Anand Jain <anand.jain@xxxxxxxxxx> · Fri, 19 May 2023 13:04:46 +0800

On 18/5/23 19:08, fdmanana@xxxxxxxxxx wrote:
From: Filipe Manana <fdmanana@xxxxxxxx>

btrfs/213 writes data, in 1M extents, for 4 seconds into a file, then
triggers a balance and then after 2 seconds it tries to cancel the
balance operation. More often than not, this works because the balance
is still running after 2 seconds. However it also fails sporadically
because balance has finished in less than 2 seconds, which is plausible
since data and metadata are cached or other factors such as virtualized
environment. When that's the case, it fails like this:

   $ ./check btrfs/213
   FSTYP         -- btrfs
   PLATFORM      -- Linux/x86_64 debian0 6.4.0-rc1-btrfs-next-131+ #1 SMP PREEMPT_DYNAMIC Thu May 11 11:26:19 WEST 2023
   MKFS_OPTIONS  -- /dev/sdc
   MOUNT_OPTIONS -- /dev/sdc /home/fdmanana/btrfs-tests/scratch_1

   btrfs/213 51s ... - output mismatch (see /home/fdmanana/git/hub/xfstests/results//btrfs/213.out.bad)
       --- tests/btrfs/213.out	2020-06-10 19:29:03.822519250 +0100
       +++ /home/fdmanana/git/hub/xfstests/results//btrfs/213.out.bad	2023-05-17 15:39:32.653727223 +0100
       @@ -1,2 +1,3 @@
        QA output created by 213
       +ERROR: balance cancel on '/home/fdmanana/btrfs-tests/scratch_1' failed: Not in progress
        Silence is golden
       ...
       (Run 'diff -u /home/fdmanana/git/hub/xfstests/tests/btrfs/213.out /home/fdmanana/git/hub/xfstests/results//btrfs/213.out.bad'  to see the entire diff)
   Ran: btrfs/213
   Failures: btrfs/213
   Failed 1 of 1 tests

To make it much less likely that balance has already finished before we
try to cancel it, unmount and mount again the filesystem before starting
balance, to clear cached metadata and data, and also double the time we
spend writing 1M data extents. Also ignore when the balance failed because
it was already finished when we tried to cancel it.

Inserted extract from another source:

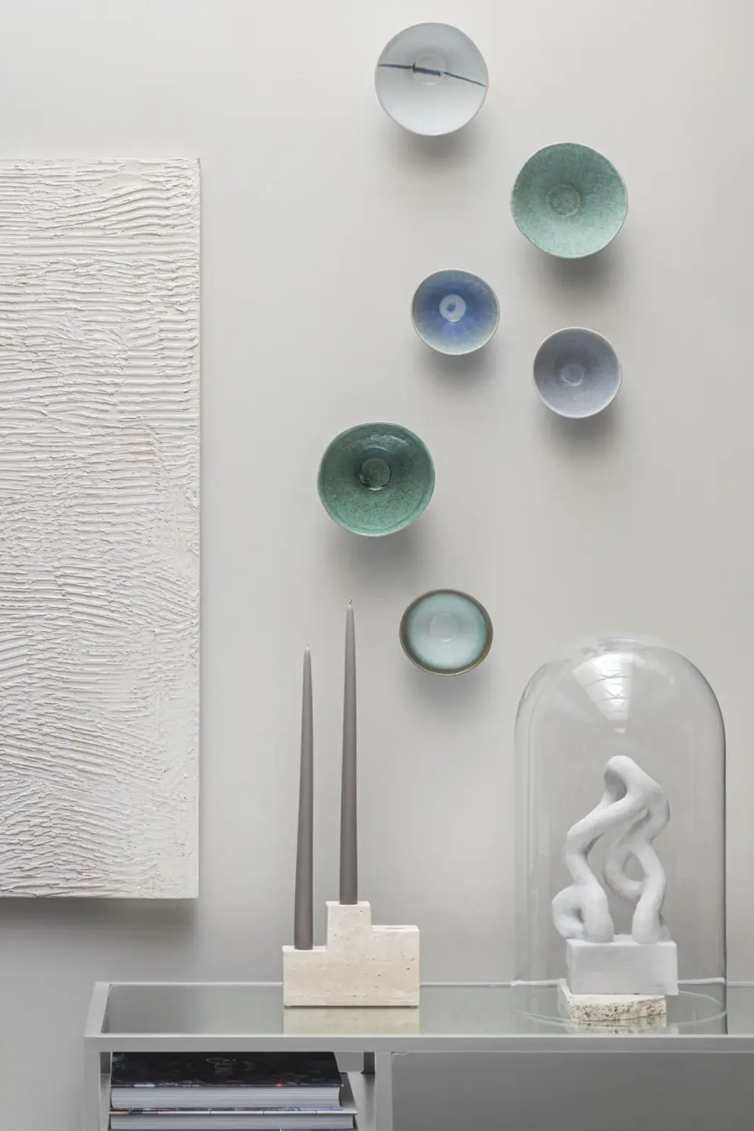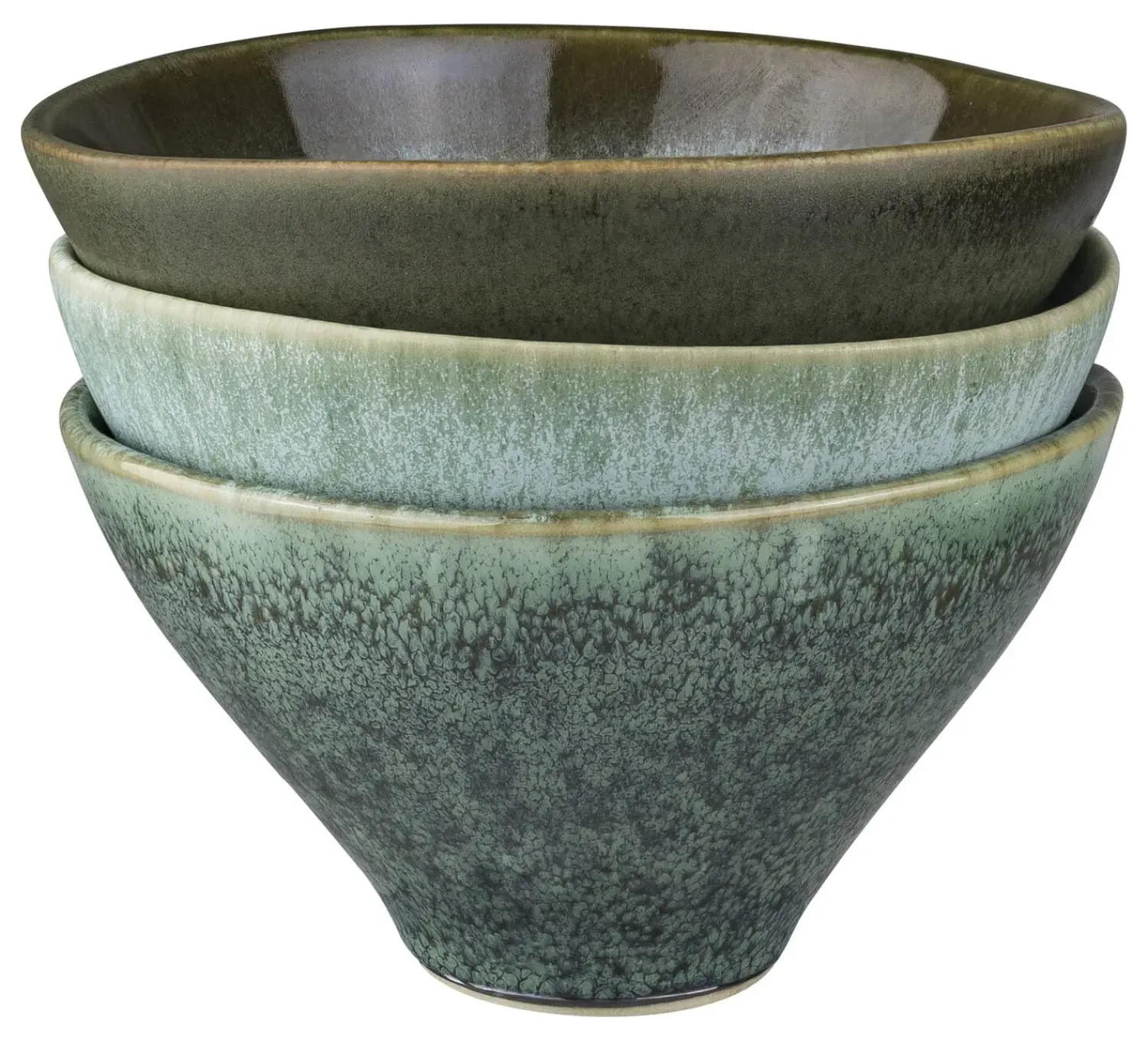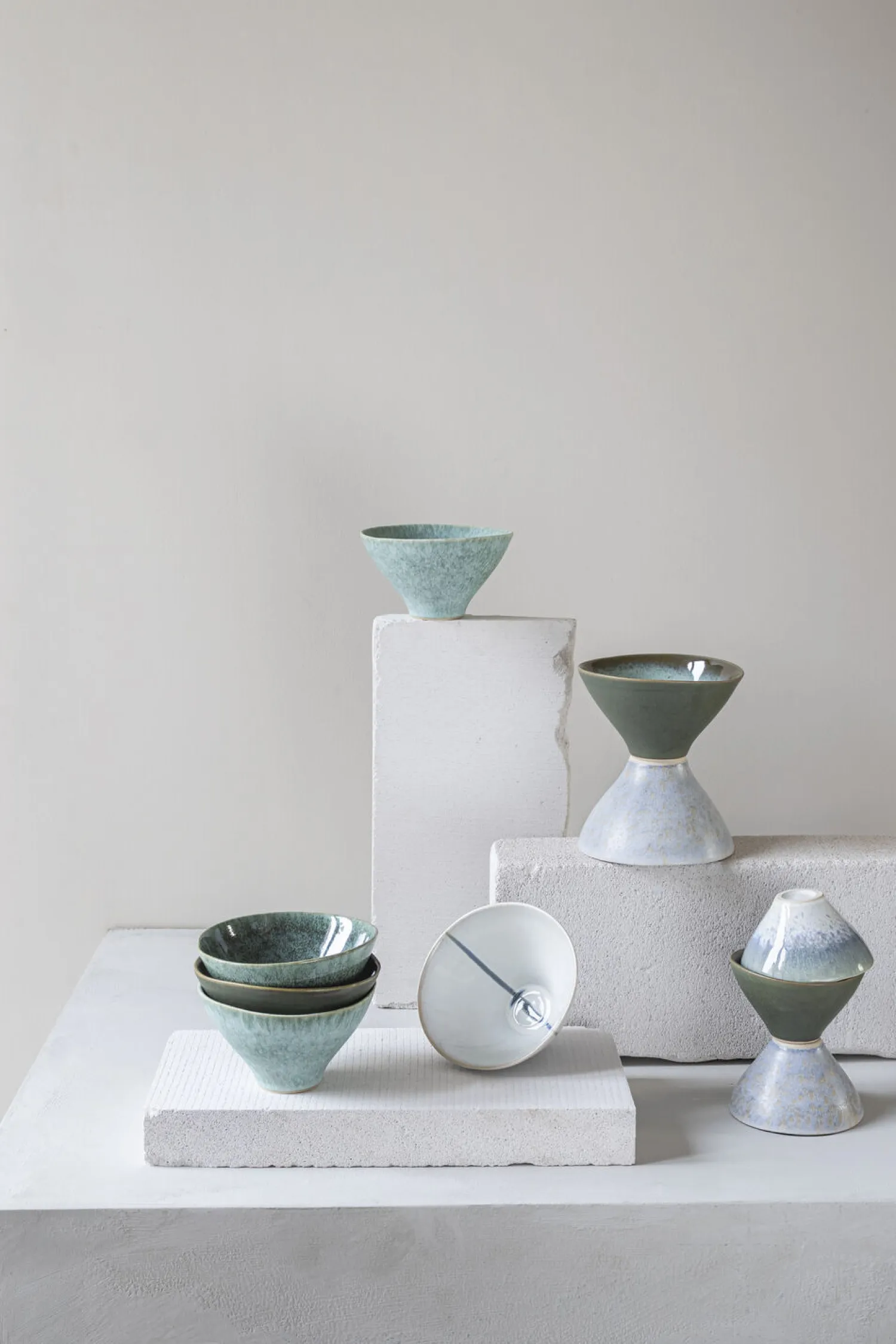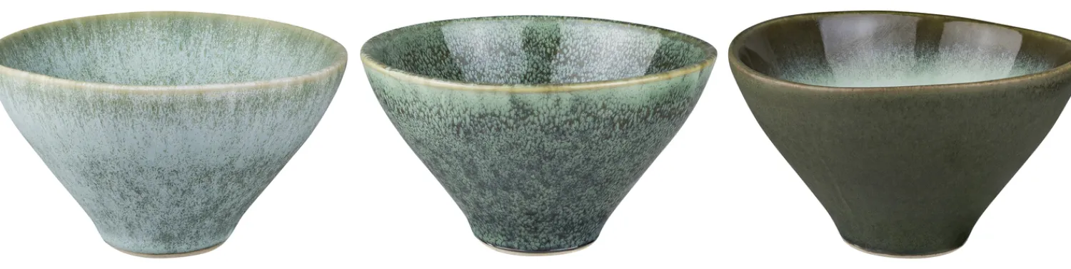De små ELEMENTS-skåle i grønne toner fra Mette Ditmer kombinerer funktion og æstetik i et unikt design. Skålene er fremstillet i stentøj og er hver især dekoreret med forskellige grønne glasurer med både blank og mat finish. Den legende brug af glasurer og de varierende grønne nuancer giver hver skål sit eget udtryk, hvorfor ingen er helt ens.Den organiske form og den karakteristiske fod, leder tankerne hen på japansk keramikkunst, og gør skålene både smukke og særlige. Brug dem til tapas, snacks eller små anretninger, eller lad dem stå fremme som dekorative elementer i din indretning. Skålene kommer i en pakke af tre, er fødevaresikre og tåler opvaskemaskine. TIP: ELEMENTS-skålene er også ideelle som små lysestager – brug dem med fyrfadslys for at skabe en hyggelig stemning i vindueskarmen eller på spisebordet.

Signed-off-by: Filipe Manana <fdmanana@xxxxxxxx>
---
  tests/btrfs/213 | 13 ++++++++++---
  1 file changed, 10 insertions(+), 3 deletions(-)

diff --git a/tests/btrfs/213 b/tests/btrfs/213
index 8a10355c..cca0b3cc 100755
--- a/tests/btrfs/213
+++ b/tests/btrfs/213
@@ -28,7 +28,7 @@ _require_xfs_io_command pwrite -D
  _scratch_mkfs >> $seqres.full
  _scratch_mount
  
-runtime=4
+runtime=8
  
  # Create enough IO so that we need around $runtime seconds to relocate it.
  #
@@ -39,11 +39,18 @@ sleep $runtime
  kill $write_pid
  wait $write_pid
  
+# Unmount and mount again the fs to clear any cached data and metadata, so that
+# it's less likely balance has already finished when we try to cancel it below.
+_scratch_cycle_mount
+
  # Now balance should take at least $runtime seconds, we can cancel it at
  # $runtime/2 to ensure a success cancel.
  _run_btrfs_balance_start -d --bg "$SCRATCH_MNT"


-sleep $(($runtime / 2))
-$BTRFS_UTIL_PROG balance cancel "$SCRATCH_MNT"
+sleep $(($runtime / 4))
+# It's possible that balance has already completed. It's unlikely but often
+# it may happen due to virtualization, caching and other factors, so ignore
+# any error about no balance currently running.
+$BTRFS_UTIL_PROG balance cancel "$SCRATCH_MNT" 2>&1 | grep -iv 'not in progress'

Cancel is an important step in this test case.
Why not call _notrun() if the test case fails to make sure
the balance is still in progress? This way, it provides
another opportunity to fix.

Thanks, Anand

  
  # Now check if we can finish relocating metadata, which should finish very
  # quickly.